CHRIS EUBANK, FORMER BRITISH PROFESSIONAL BOXER: He used his platform, which was boxing, to be the humanitarian that he was, and that spirit is still vibrant. Mandela in his inaugural speech, he said the world cannot be served by you playing small. There is nothing enlightened about shrinking so others around you won't feel insecure. We were born to make manifest the glory of God which is within us. And when we let our own line shine, we unconsciously allow others to do the same. And in liberating ourselves from our own fears, our presence automatically liberates others. So hear the man embodying the spirit of a Mandela, the great man. And as was said before, in order to see further and be better, we have to stand on the shoulders of giants, which is what these men were.

(END VIDEO CLIP)

JOHNS: We'll be right back with much more live coverage of the death of Muhammad Ali, the greatest of all time.

(COMMERCIAL BREAK)

JOHNS: For all the fancy footwork, I think one of the most interesting things about Muhammad Ali was that his words were almost more colorful than his athletic ability.

PAUL: In that regard, no doubt about it. And so because of that, we want to share with you some of Ali's best lines in his own words.

(BEGIN VIDEOTAPE)

MUHAMMAD ALI, FORMER HEAVYWEIGHT BOXING CHAMPION: I don't like fighters who talk too much.

[10:55:00] I must be the greatest. I told the world.

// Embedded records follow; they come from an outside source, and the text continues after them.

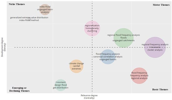 In total, eight clusters were created in the thematic map based on the authors’ keywords. ‘Regional (flood) frequency analysis’ and ‘regionalization’ are placed in the motor themes with high centrality and density. These are developed and essential topics for the study. ‘Index flood’ and ‘generalized extreme value distribution’ were two marginal clusters placed in niche themes. These clusters (or themes) were considered highly developed but isolated. ‘L-moments’ and ‘climate change’ clusters placed in emerging and declining themes were weakly developed and had low centrality and low density. More research is needed in this field. ‘Flood frequency analysis’ and ‘flood frequency’ clusters were placed in the basic themes. These topics showed high centrality (highly relevant) but low density (less developed). The clusters placed in the basic or transversal theme were important for research [54].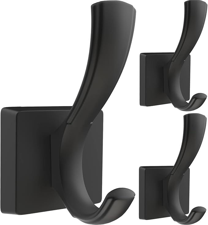 3 Pack Black Towel Hooks, Towels Robe Holder for Bathroom Coat Hooks for Wall Hanging Key Hat Backpack (3 Pack, Black)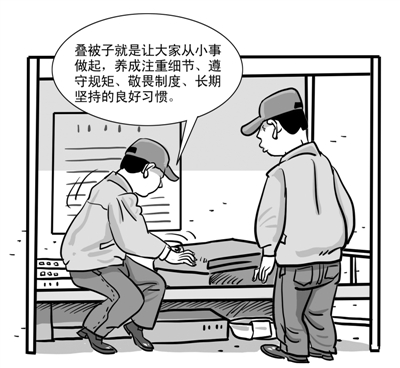 “我听老职工说,外面调来的职工,只要在这待上一个月,从内务到个人形象、工作态度、业务素质都会焕然一新。”青工陈超超说,“我们不仅仅是在叠被子,还是在养成一种良好的习惯,让自己从中获得成长。”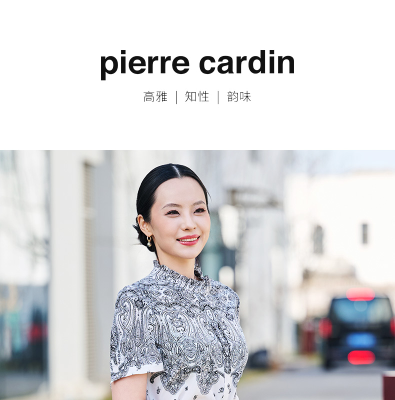 皮尔卡丹女装年夏季新款假两件式印花拼接连衣裙C22DS03B0

Float like a butterfly and sting like a bee. Rumble, young man, rumble.

And this may shock and amaze you, but I will destroy Joe Frazier.

I'm so bad, you know what I've been doing? Last week I went out to the jungle. I wrestled with an alligator. I tussled with a whale. I handcuff lightning, thrown thunder in jail. I'm bad, man.

Can I dance? Is the Pope a Catholic?

The man to beat me hasn't been born yet.

I'm the greatest. If you get too small, I'll knock you out.

Last week I murdered a rock into a stone, hospitalized a brick. I'm so mean, I make medicine sick.

(LAUGHTER)

ALI: Look at me know. Don't tell me that ain't a perfect specimen of a man.

(LAUGHTER)

ALI: Look at that body, slim, trim, and on my toes.

I don't just hit. I'm the fastest thing on two feet, man. Are you crazy? I'm tired of fighting.

I'm not only a poet. I'm a poet. I'm a prophet. I'm the resurrecter. I'm the savior of the boxing world. If it wasn't for me, the game would be dead.

(END VIDEOTAPE)

PAUL: He was something else.

JOHNS: Thanks for watching.

PAUL: Yes, thank you so much for spending some time with us this morning as we honor him.